When I complained to Medtronic Why did you warn me? I was told that this little nugget of information was in the manual and a replacement would be eight hundred clams. Who the fuck reads the manual?

But back to the box. “Oh, well, this isn’t your mySentry,” said Ken, “Barbie will bring that up next week, but I thought you’d like to see what it really looks like.”

Sure, I said, wiping the drool from my chin, as he opened the box.

Of course, I’ve seen the official PR pictures, but there’s no substitute for seeing the real thing. It looks like what someone in 1975 might have thought an alarm clock from 2012 would look like. Sexy in an old-fashioned sci-fi movie kinda way. White, back, frosted plastic, and curvy edges. About the size of a box of Kleenex and… Wow! It’s sooooo, light, I marveled out loud.

Ken blushed. “Um, well, uh, that’s because it’s empty.”

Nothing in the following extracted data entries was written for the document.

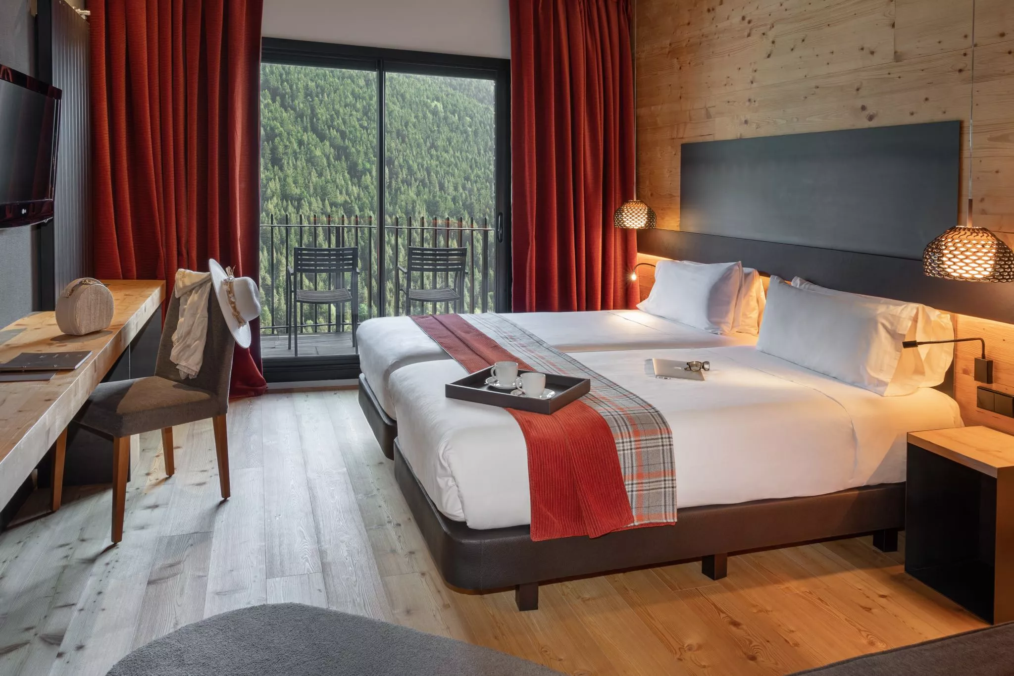 Habitación espaciosa, muy confortable y decorada de forma exquisita combinando elegantemente materiales nobles y naturales como la madera de arce, la piel y los tejidos que proporcionan calidad y confort. Todas las habitaciones Deluxe disponen de una terraza equipada con un elegante mobiliario para disfrutar de las espectaculares vistas a las pistas de Grandvalira y a las montañas de Soldeu. El baño es completo con WC independiente, y bañera o ducha.
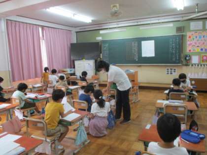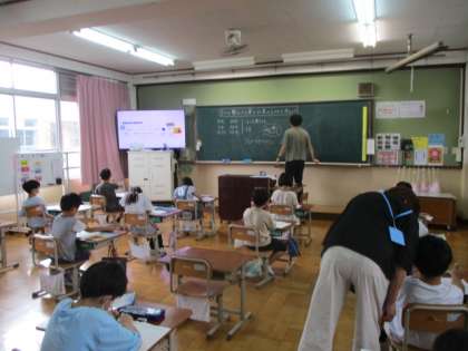 今日の5校時、1年生は国語でたのしいなことばあそびの学習でした。マス目に書かれているひらがなから隠れている言葉を探していました。2年生は、算数でたし算のひっ算の学習でした。3つの数のたし算について、どのようにひっ算をすればよいのかを考えていました。
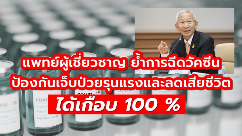 | • แพทย์ผู้เชี่ยวชาญ ย้ำการฉีดวัคซีน ป้องกันเจ็บป่วยรุนแรงและลดเสียชีวิต ได้เกือบ 100% |
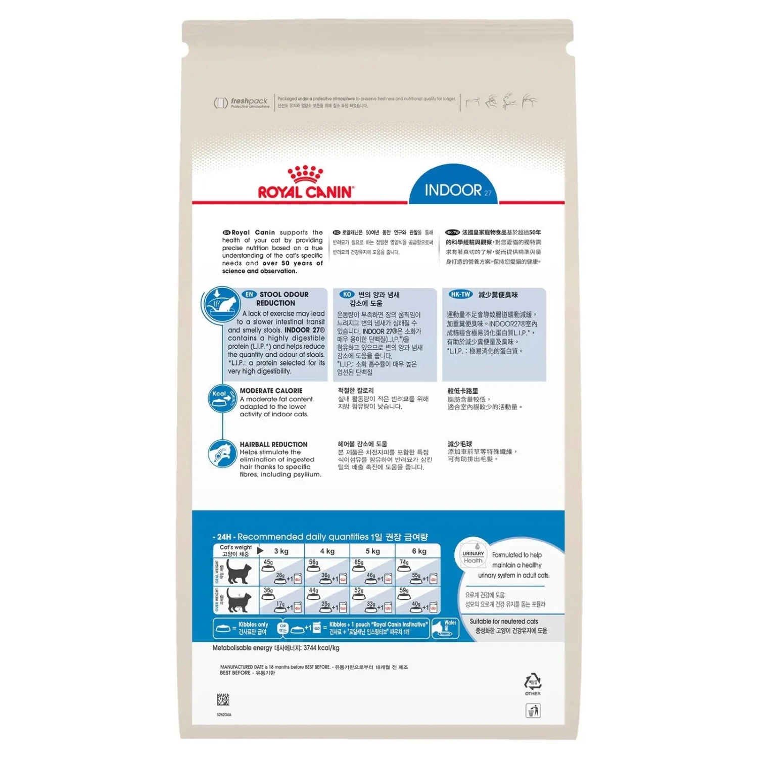 Indoor adult cats like yours tend to get less exercise than outdoor cats, that’s why a balanced and complete diet containing beneficial nutrients is important for optimal health. Royal Canin Indoor 27 contains a highly digestible protein (L.I.P.) that’s specifically selected for its very high digestibility. This protein also helps to reduce the quantity of your cat’s stool, as well as reducing the smelly stool odour that occurs when cats have a lower intestinal transit due to a lack of exercise.

I didn’t get it at first. Then, I rolled the plastic box over in my hands. Nothing was coming out of the back where I knew full-well a power plug was supposed to go. Like a kid at Christmas I gave the monitor a little shake. Empty? Then it dawned on me. This is a mockup? What, you didn’t rate a real one?

Ken’s face went from light pink to darker pink and he shrugged his shoulders.

Sure enough. The front is just a sticker showing what the display would look like. I stabbed at a fake button, which was also printed onto the sticker. This button doesn’t seem to be working, I teased.

We ran through all the faux buttons, with the rep (with a straight face) telling me what each did. I’ll wait to fill you in. I think it will go better for me when I have real buttons to press. The sticker, and presumably the real screen in a mySentry with guts in the box, is full color. My rep tells me that various pump status icons change color using a green-yellow-red approach for giving you a heads up about such things as battery life, amount of insulin in the pump, and when the next sensor change is due. The monitor can display the “real-time” CGM reading with a rate of change arrow or the 3-6-12 or 24 hours trace lines. We’ll talk a lot more about this later, of course.

He also had a mockup of the Outpost, the signal booster that essentially turns your home, or at least a good portion of it, depending on the size of your home, into a CGM wireless hotspot. Looking at the photos, I wasn’t sure if it had a plug, or batteries, or what. Turns out it plugs directly into the wall like a night light. In fact, did Ken tell me that it doubles as a night light? Maybe so, I don’t recall.

Anyway, you’ll know in a week when I plug it into my wall. Stay tuned…

2 Comments:

Blogger Unknown said...

Dude! What a tease!

6:22 AM  
Blogger Mike Hoskins said...

Yes, such a tease. Looking forward to the "real" reviews.